| What needs to be done |
Exactly the lines from the one containing "- Durable Bedroom" through the end of the listing below are required, restated word for word and without pictures.

| Information supplied |
=== Begin Enclosure ===

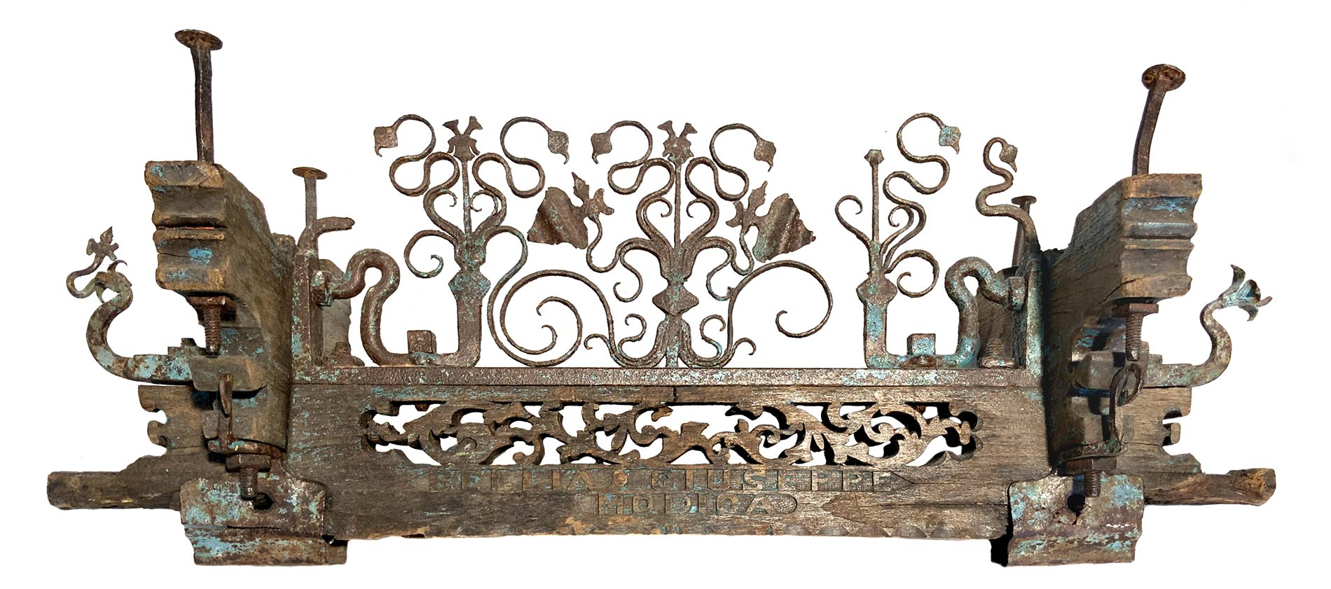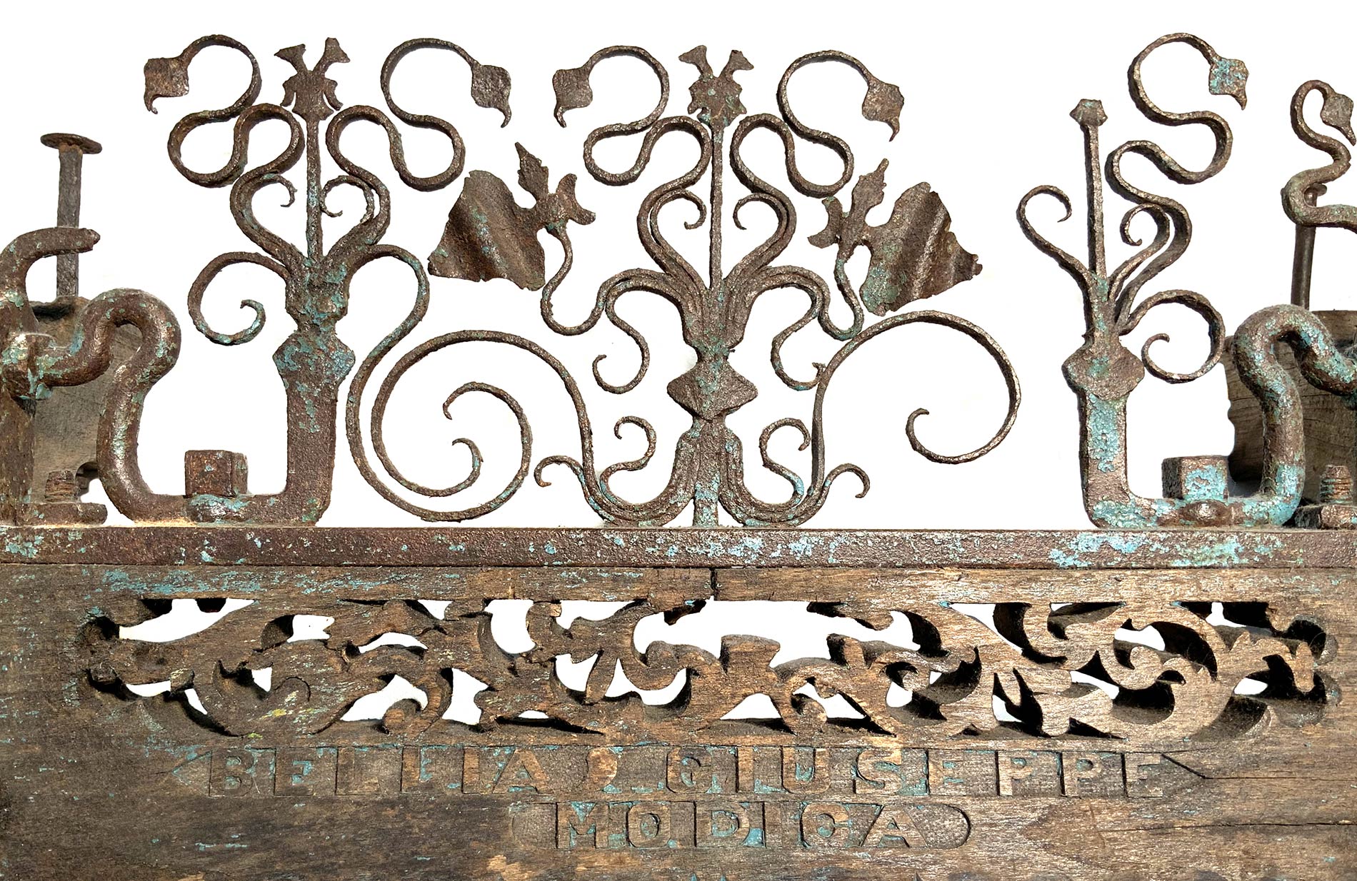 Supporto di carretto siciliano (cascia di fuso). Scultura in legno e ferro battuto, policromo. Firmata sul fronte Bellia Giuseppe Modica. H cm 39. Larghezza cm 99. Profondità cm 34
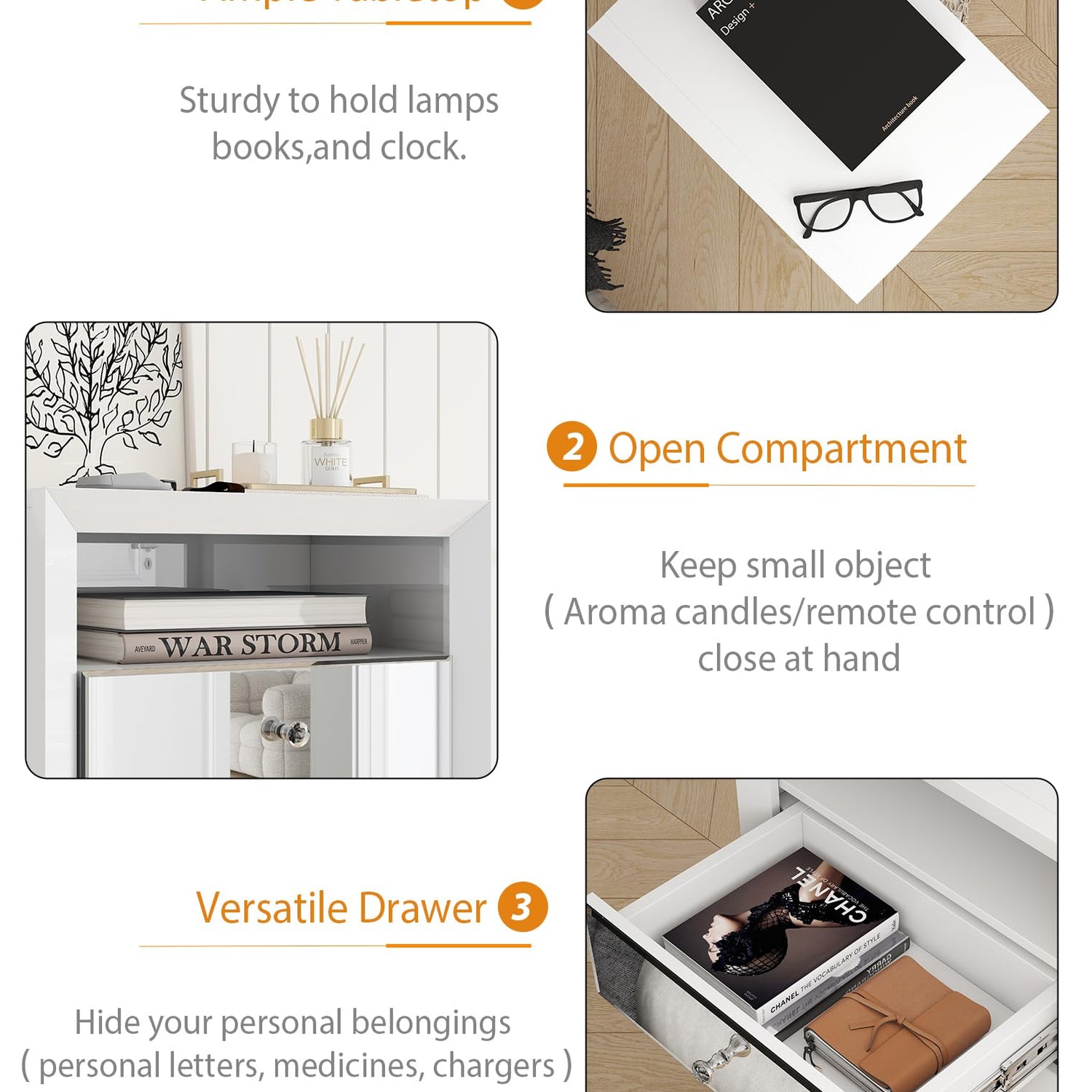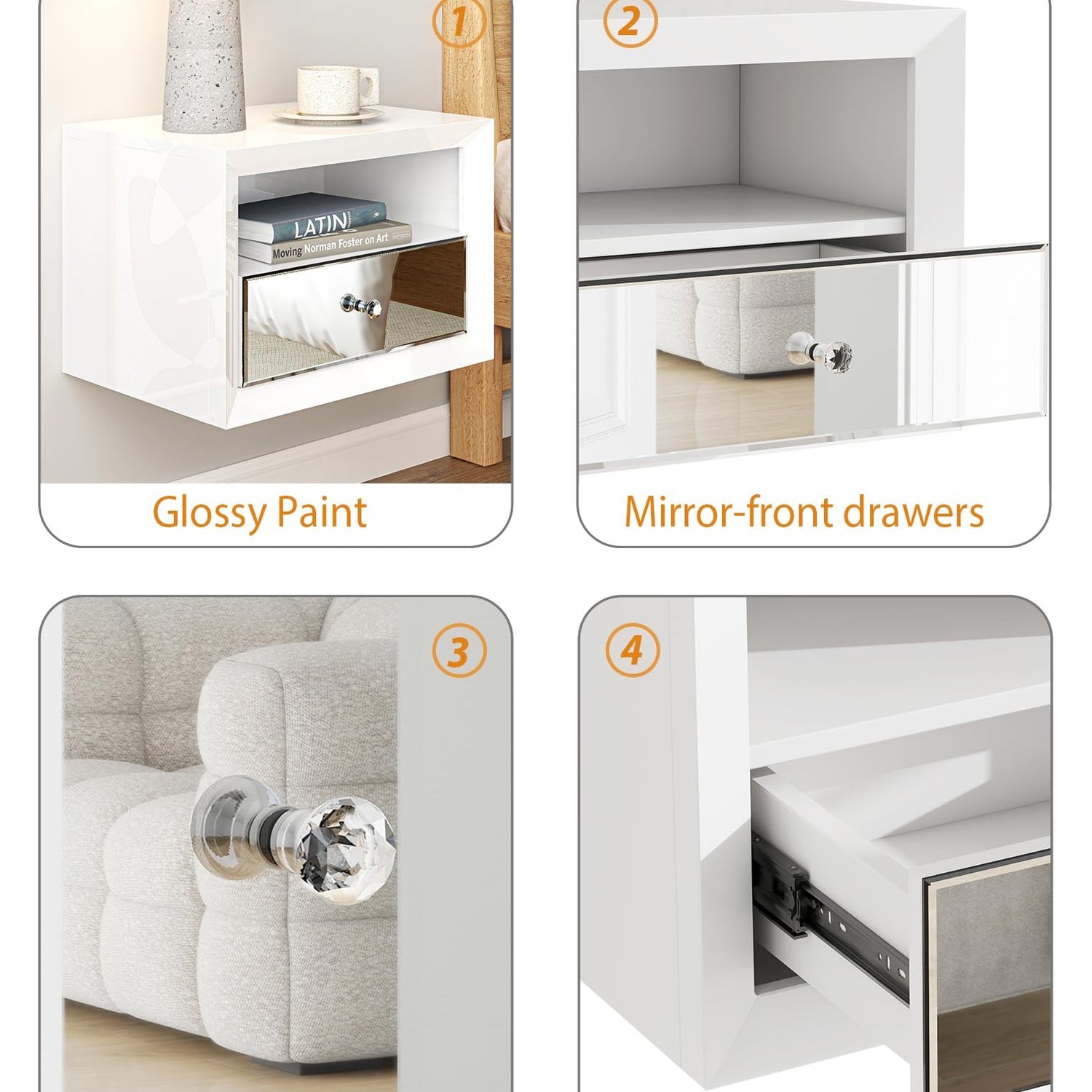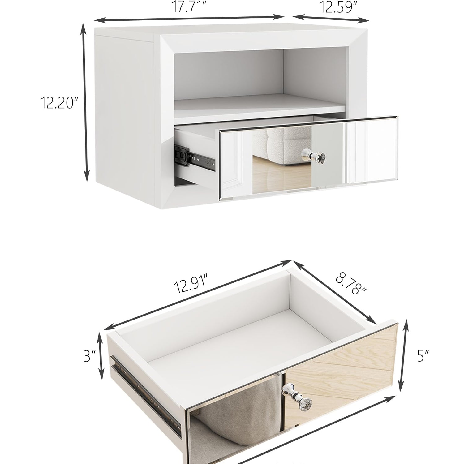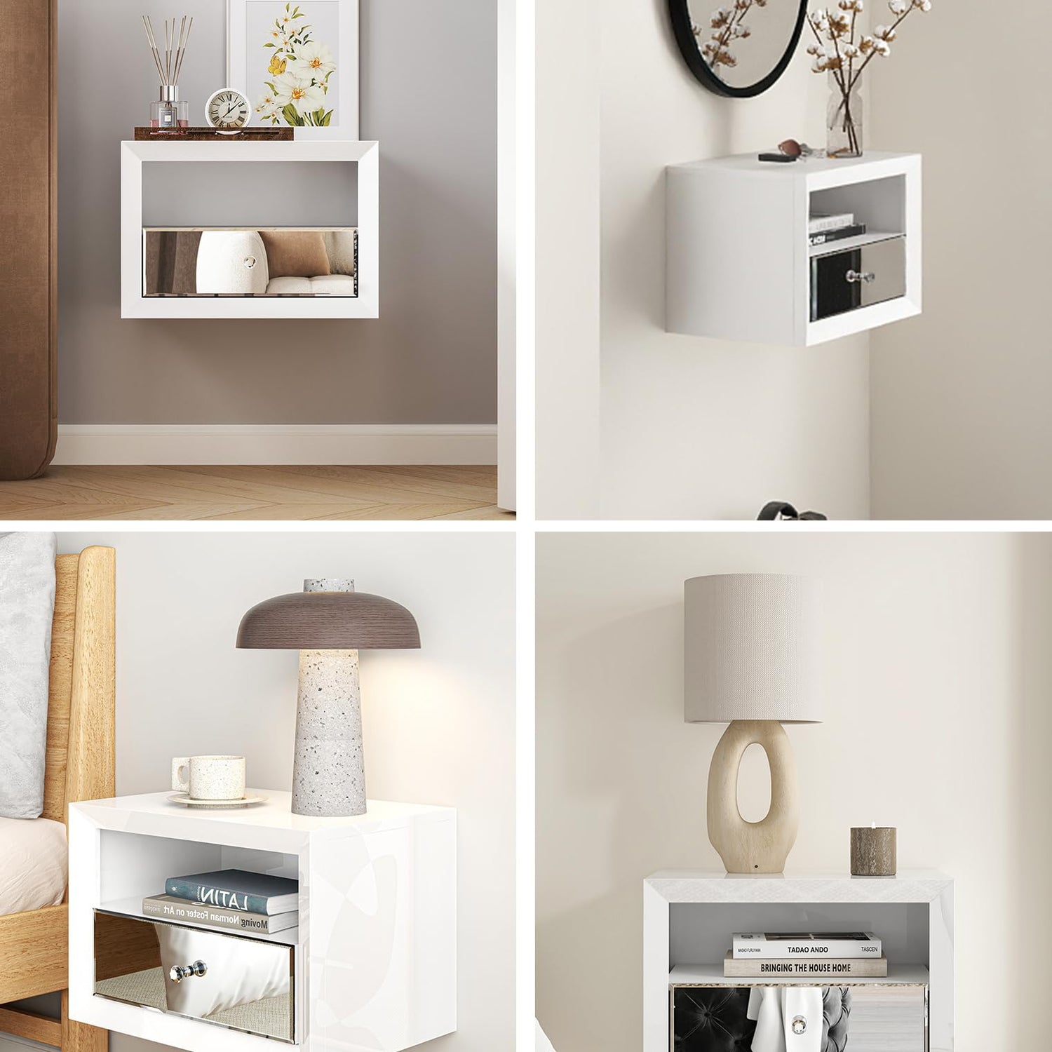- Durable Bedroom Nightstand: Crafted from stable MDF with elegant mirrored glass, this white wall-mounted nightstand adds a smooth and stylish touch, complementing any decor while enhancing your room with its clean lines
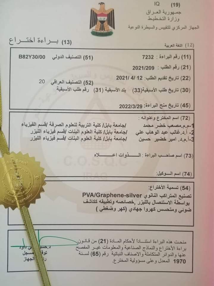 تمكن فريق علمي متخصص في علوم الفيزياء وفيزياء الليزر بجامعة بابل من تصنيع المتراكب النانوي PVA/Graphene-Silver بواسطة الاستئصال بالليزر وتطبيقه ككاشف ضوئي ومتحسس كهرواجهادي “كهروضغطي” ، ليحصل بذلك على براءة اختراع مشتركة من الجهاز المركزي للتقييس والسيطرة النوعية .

=== End Enclosure ===

| Solved exercise |
- Durable Bedroom Nightstand: Crafted from stable MDF with elegant mirrored glass, this white wall-mounted nightstand adds a smooth and stylish touch, complementing any decor while enhancing your room with its clean lines
 تمكن فريق علمي متخصص في علوم الفيزياء وفيزياء الليزر بجامعة بابل من تصنيع المتراكب النانوي PVA/Graphene-Silver بواسطة الاستئصال بالليزر وتطبيقه ككاشف ضوئي ومتحسس كهرواجهادي “كهروضغطي” ، ليحصل بذلك على براءة اختراع مشتركة من الجهاز المركزي للتقييس والسيطرة النوعية .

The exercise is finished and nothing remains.